Hi folks, I’m new to ML and pytorch, so please apologies in advance for some very beginner quesstions.
I’m trying to extract features from a video using this model, but I’m bit confused on how to use it.
Reading the docs, it seems the model accepts an input as (B, T, C, H, W), so this is what I’ve done to capture frames using opencv and convert them on the 5D tensor:
def preprocess_video_frames(video_path, frame_size=(224, 224)):
frames = []
capture = cv2.VideoCapture(video_path)
while True:
ret, frame = capture.read()
if not ret:
break
# Resize each frame to the desired frame_size
frame = cv2.resize(frame, frame_size)
#ipdb.set_trace()
# Normalize pixel values to the range [0, 1]
frame = frame / 255.0
#frame = np.transpose(frame, (2, 0, 1))
# Append the preprocessed frame to the list
frames.append(frame)
capture.release()
return frames
def load_and_preprocess_video(video_path):
frame_list = preprocess_video_frames(video_path)

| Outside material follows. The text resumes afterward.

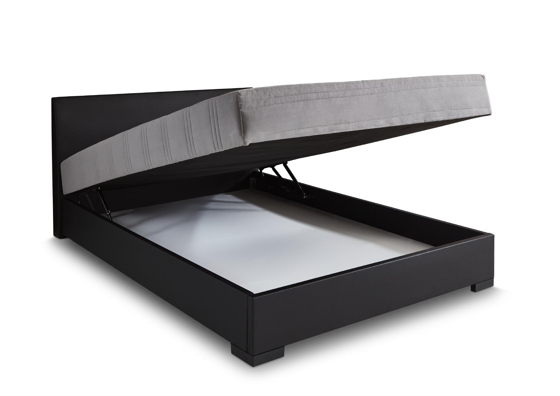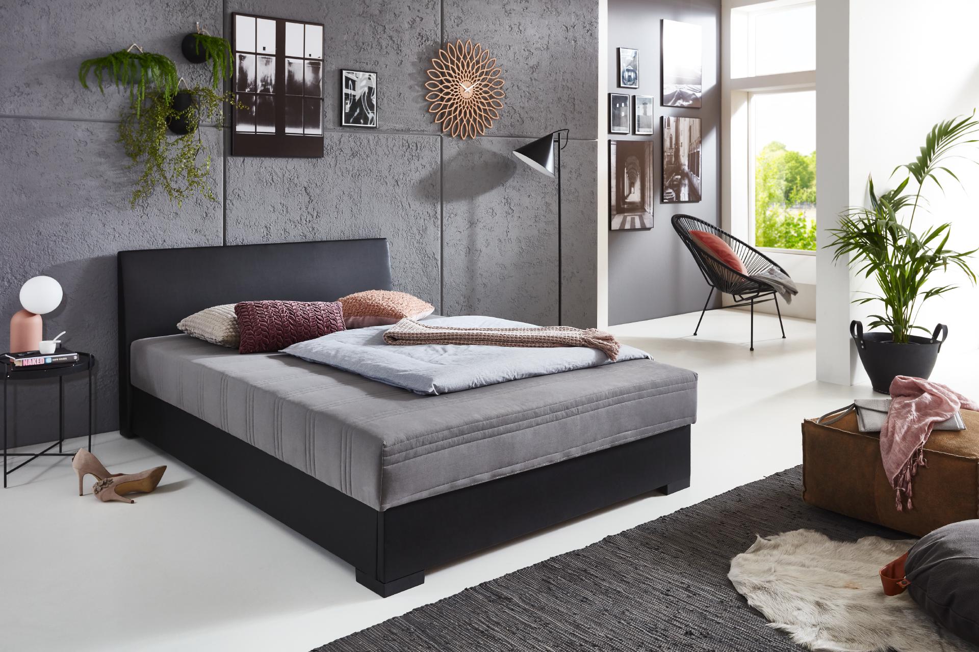 Polsterbett MELS schwarz/anthrazit 140×200 cm mit Federkernmatratze und Bettkasten
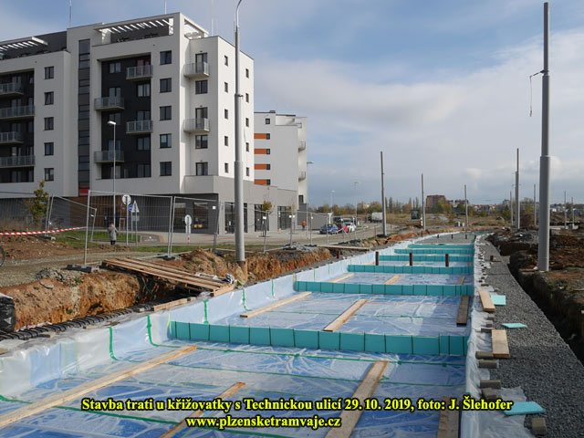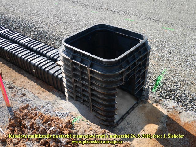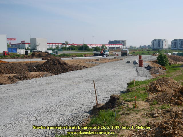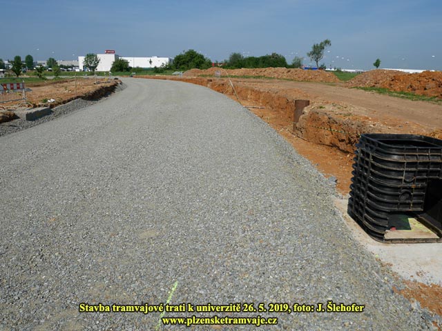 26. 5. 2019 26. 5. 2019 Další série snímků pochází z 26. 5. 2019. Zachycuje připravené podloží v úseku od Technické ulice po konečnou Univerzita. Připraveny jsou patky sloupů, odvodnění, připravují se kabelové trasy, pomocí plastových multikanálů.

video_frames = np.stack(frame_list) # Convert list into a 4D array
video_tensor = torch.tensor(video_frames, dtype=torch.float32).permute(0, 3, 1, 2)
# Extract features using the pre-trained I3D model
with torch.no_grad():
features = i3d_model(video_tensor)
return features
I get Given groups=1, weight of size [64, 3, 3, 7, 7], expected input[1, 303, 3, 224, 224] to have 3 channels, but got 303 channels instead
This is where I’m a bit confused, I thought that this tensor would have (BxTxCxWxH) and hence the 3 channels dimension being correct.
Could someone shed a light on what I’m doing wrong?
Thank you